Indeed, federal district and appeals judges are already subject to outside oversight, which includes investigations and imposition of discipline by the Judicial Conference of the United States. But the justices of the Supreme Court alone enforce the ethics rules for themselves. And their approach is to allow each justice alone to decide how, or whether, to comply with the law. Colleagues cover for colleagues.
The solution is the same as in other instances of professional misbehavior in close-knit groups of colleagues. We need meaningful supervision, with investigations of alleged wrongdoing and sanctions for those who violate rules. First, the Supreme Court needs a full-time ethics lawyer appointed by the chief justice with the consent of the eight other justices. The ethics lawyer would advise the justices, preferably in writing, about how to comply with the ethics rules in specific instances. That the justices would select their own ethics lawyer isn’t unusual — governmental organizations usually are allowed to pick their own lawyers, and one whom all nine justices agree on is likely to be good.

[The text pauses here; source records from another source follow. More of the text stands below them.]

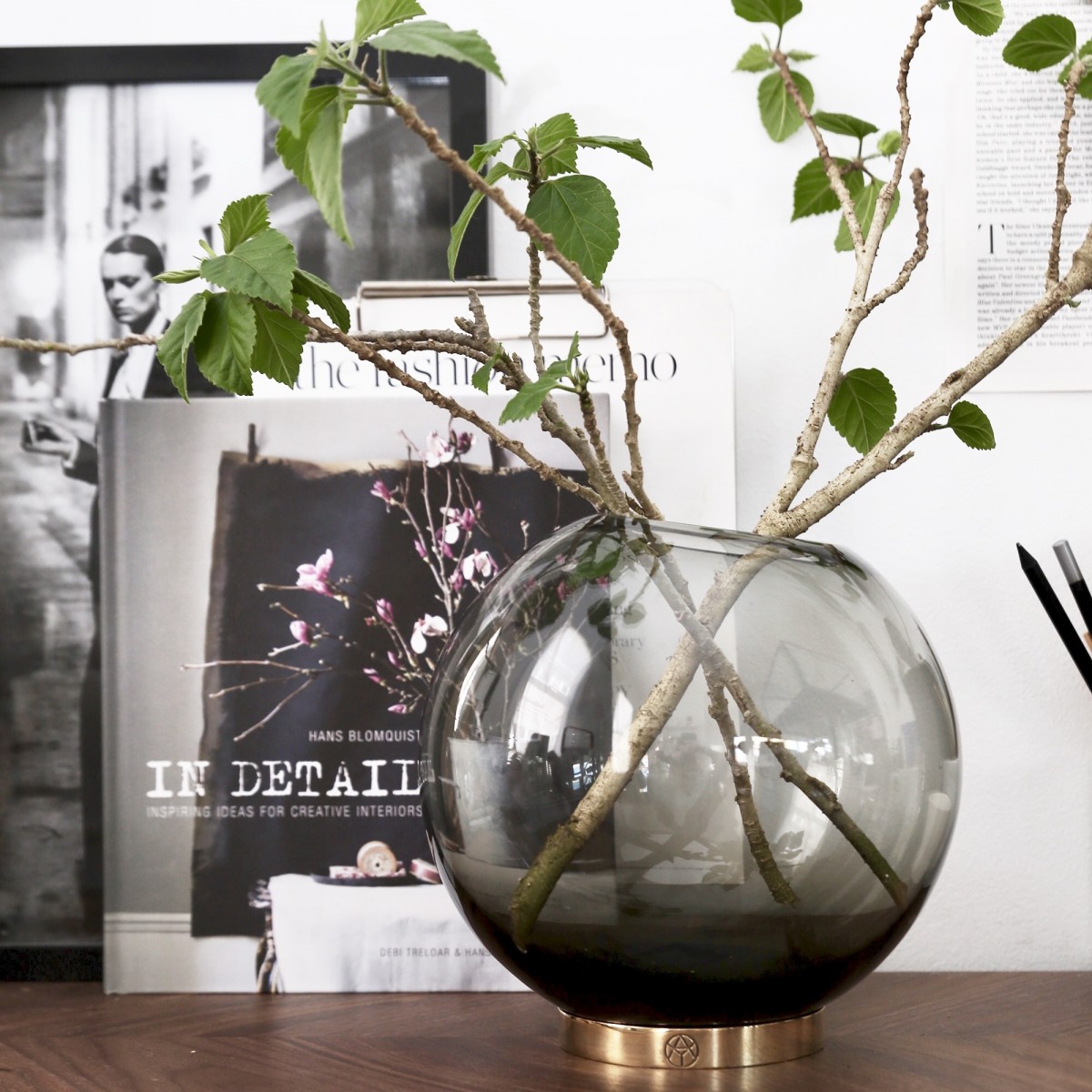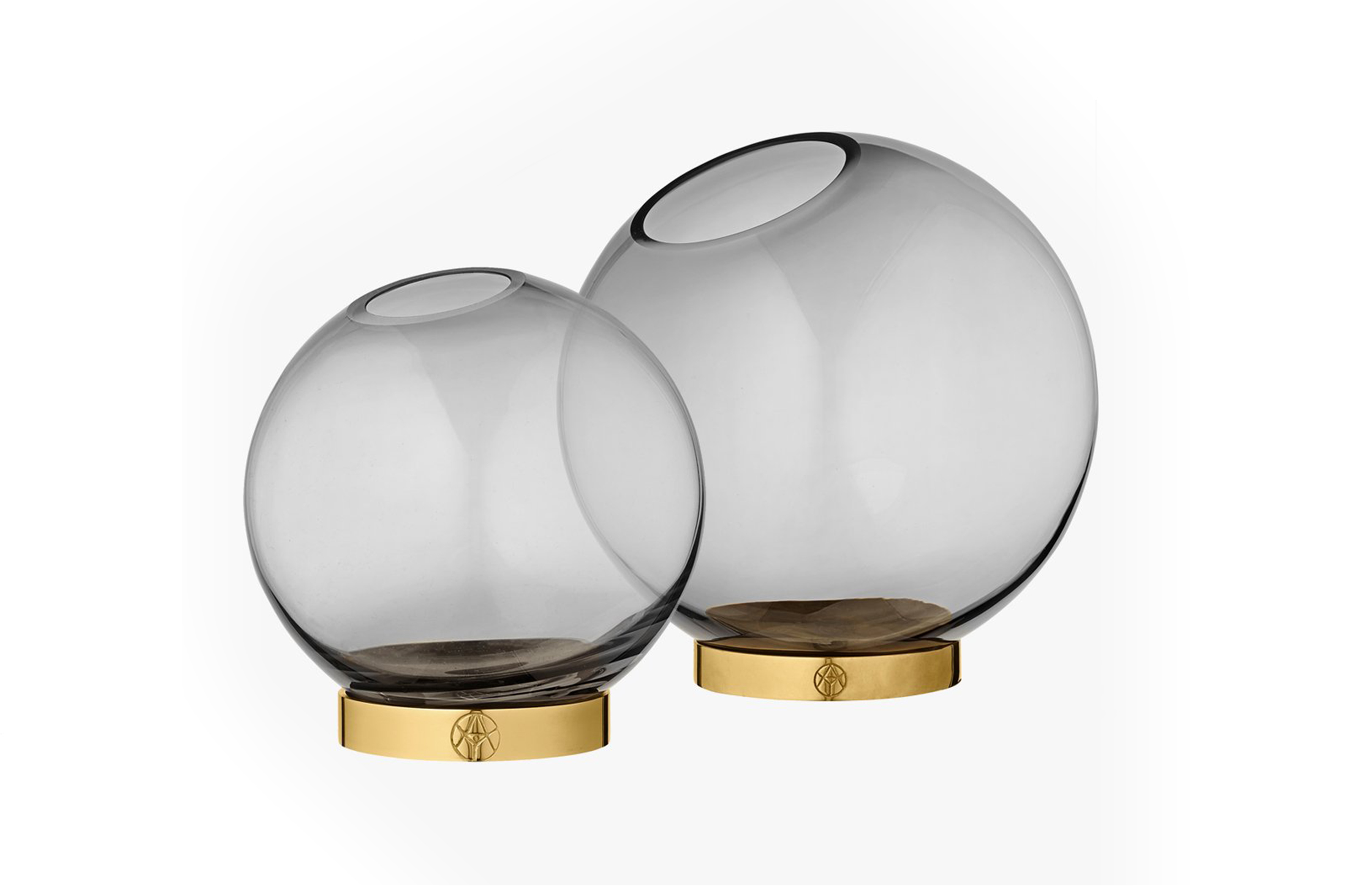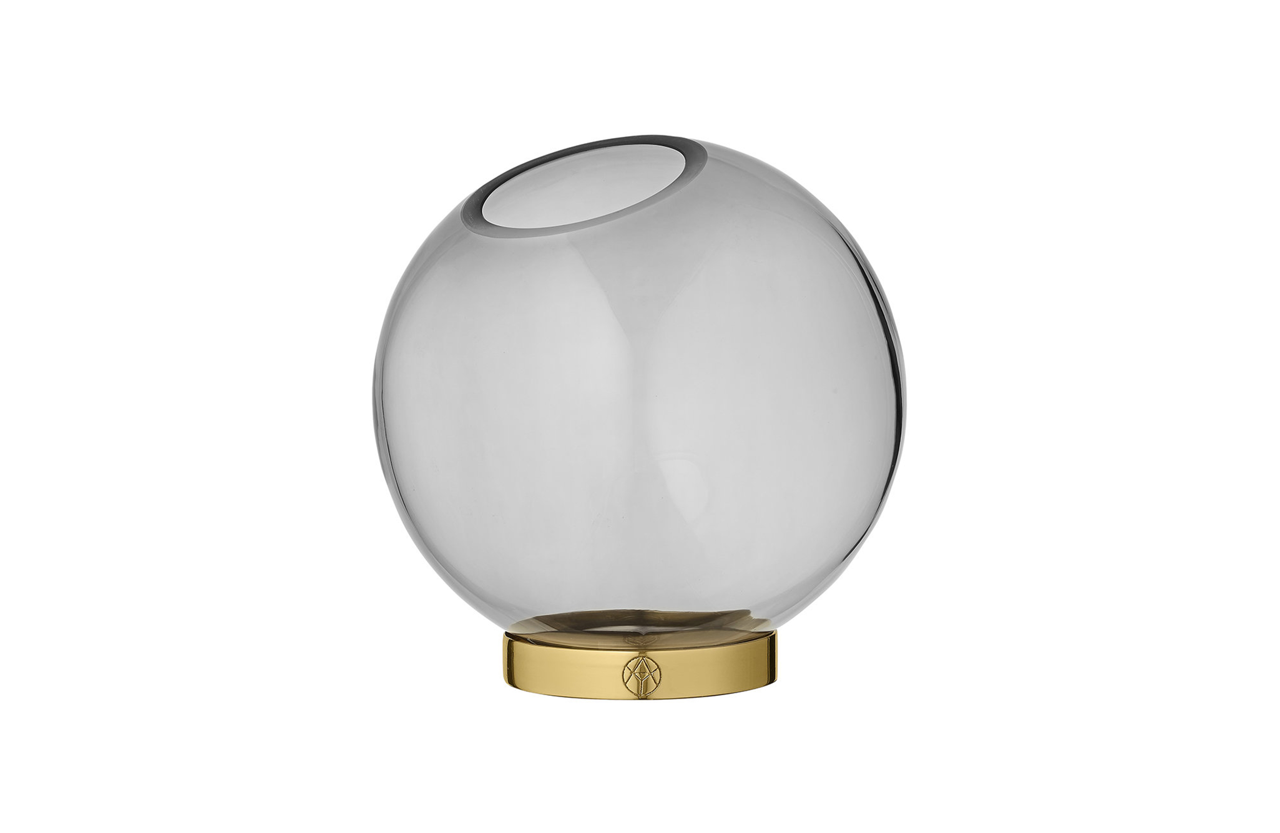 GLOBE 是一个优雅的器皿,由口吹玻璃制成,配上铜环底坐。您可以将它用作装饰花瓶或储物器皿。
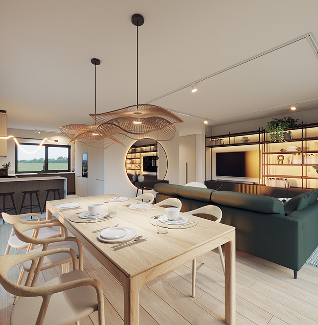 Dom pod klucz to gotowe do użytkowania rozwiązanie dla osób, które chcą wprowadzić się do nowoczesnego domu energooszczędnego bez nadzorowania prac wykończeniowych. Budynek jest w pełni wykończony, z tynkami, podłogami, drzwiami, instalacjami i łazienkami. Klient sam dobiera meble i wyposażenie kuchni, zachowując możliwość spersonalizowania wnętrz.
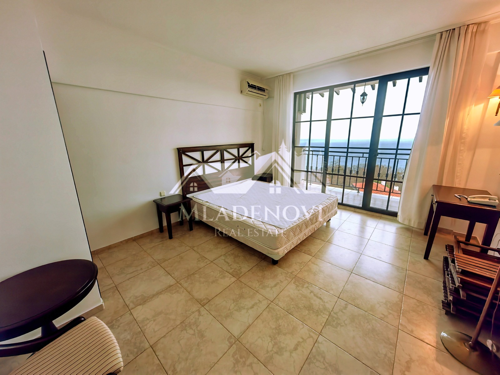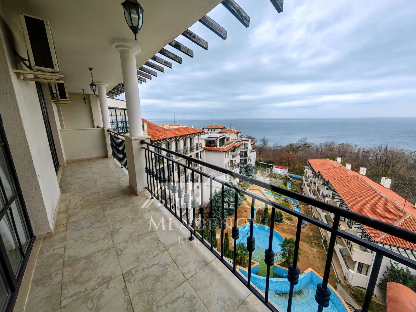Имаме удоволствието да Ви предложим за продажба просторен тристаен апартамент с ФРОНТАЛНА ГЛЕДКА МОРЕ, в луксозния 4-звезден комплекс 'The Cliff Obzor'. Комплексът се намира в началото на града и е разположен върху скалите. От него се открива прекрасен изглед към морето и към залива на гр. Обзор. Плажната ивица е в непосредствена близост, до която се достига по дървени стъпала. Жилището се състои от просторна всекидневна с кухненски кът,самостоятелна голяма спалня, широка тераса,обща за двете стаи,от която се разкрива уникална панорамна гледка към морето и впечатляващи зелени площи, междинен коридор, втора по-малка спалня със санитарен възел, предверие и голяма баня с вана и тоалетна. Имотът е подходящ, както за отдаване под наем, така и за лично ползване. Продава се с цялото налично обзавеждане и оборудване. Таксата поддръжка е 12,90 Евро без ДДС на кв.м. годишно.
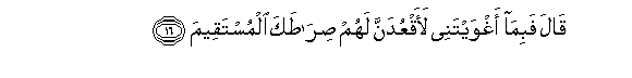 16. Qala fabima aghwaytanee laaqAAudanna lahum sirataka almustaqeema
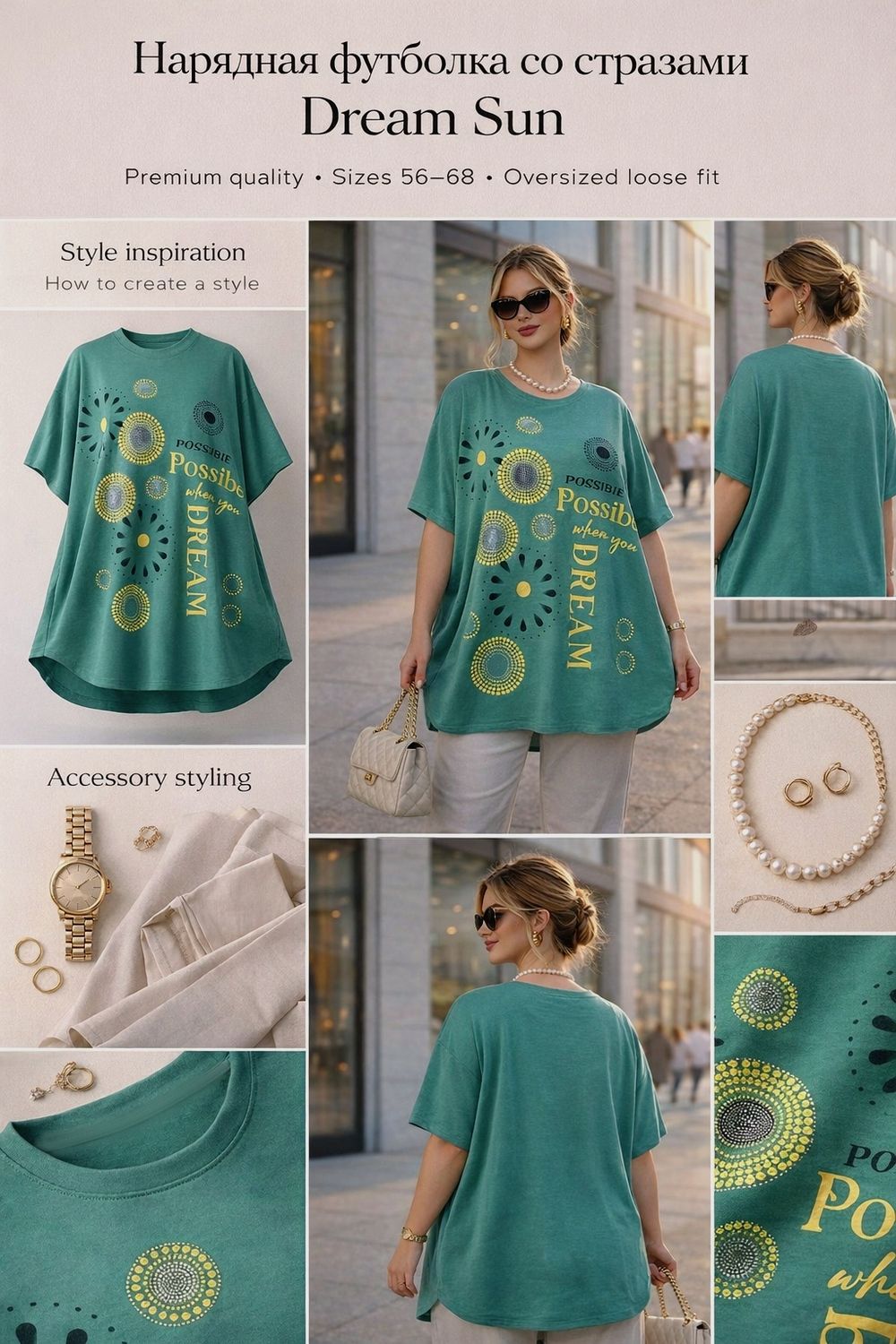 Нарядная футболка-туника «Dream Sun», арт. F9702 — сияющий образ для тех, кто верит в мечты.
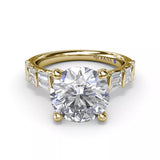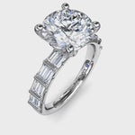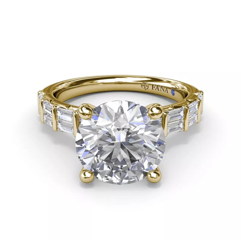 Straight baguettes set tight in a double row allow this beautiful engagement ring maximum light and sparkle. This design can be customized based on stone shape and metal preference.
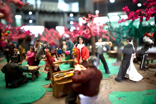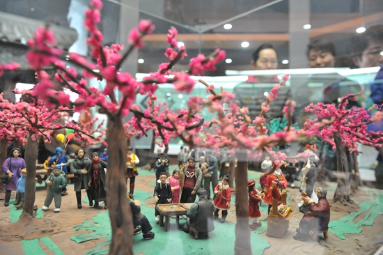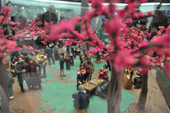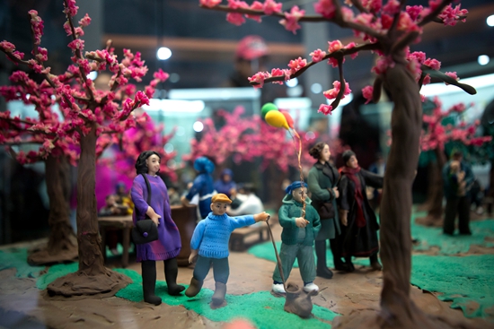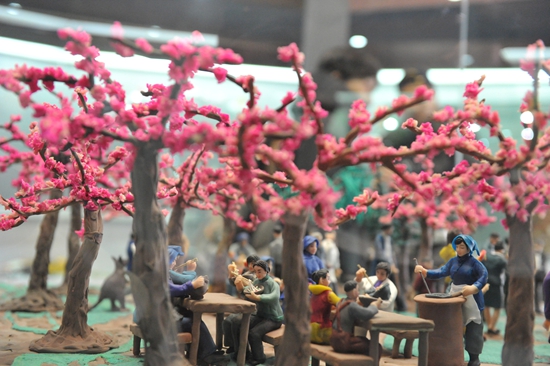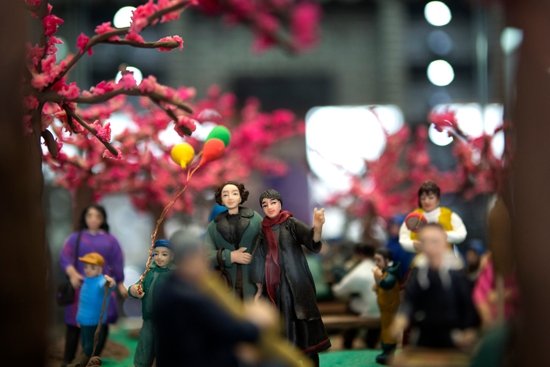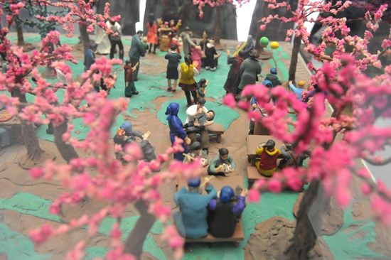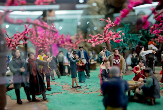面塑工艺复杂多变,形式多样,或山石、或树木、或动物、或肖像;在肖像中,又多以四大名著以及众多民间传统人物及自创人物为主。省级传承人梁俊丽的作品多以再现昆明本土的老行当、老手艺人为主,充满了浓郁的“昆明味道”。此次的作品是以“圆通樱潮”为主题而创作的一组人物动态,当中人物形象栩栩如生,樱花惟妙惟肖,充分展现了花海人潮的民俗盛景。而且当中还隐藏着一些同为“非物质文化遗产”的项目,期待细心的观众一一去发现。
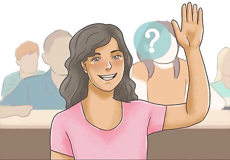 Ask questions in class. Your greatest resource for doing well in class is your teacher. Not only is she a trained and licensed educator, but she is the one grading you. If you encounter a topic or assignment during class that confuses you, speak up! Find an appropriate time to raise your hand or speak to your teacher one-on-one so you don't leave class without having your question resolved. Asking questions during class shows your teacher you care about learning the material and are making an effort to do well in her class. This is guaranteed to be appreciated by your teacher, so long as your questions are relevant to the subject and not inappropriate. If you don't have an opportunity to ask your question as soon as it comes to you, write it down so you can ask your teacher later. Depending on your teacher's preferences, you can even send her an email about it so she can respond to you directly or during your next class meeting. Remember that if you have a question about something, you probably aren't the only one. In this sense, asking questions in class is almost like doing your classmates a favor that helps you out, too!

An ethics lawyer is only the first reform. The second is an inspector general for the Supreme Court. This person would be appointed by the chief justice with the consent of the other justices and confirmed by the Senate to a five-year term and removable only for cause. The Supreme Court inspector general would, like inspectors general in federal agencies, investigate allegations of wrongdoing by justices, clerks or other staff members of the court. If justices don’t take the advice of the ethics lawyer or if they act without consulting the lawyer, that would be referred to the inspector general for investigation. The inspector general would submit reports to Congress, which would typically be made public. And where criminal statutes are implicated, the case could be referred to the Department of Justice.
The justices interpret the Constitution and laws of the U.S. in decisions binding on lower courts and that affect all of our lives. They have lifetime tenure, but we have seen that tenure combined with colleagues covering for colleagues doesn’t work. Nobody is above the law. The justices also must obey the law. The court can’t be allowed to become an Animal House of ethics, and if the justices think there’s nobody to supervise them, Congress will need to show them that they are badly mistaken.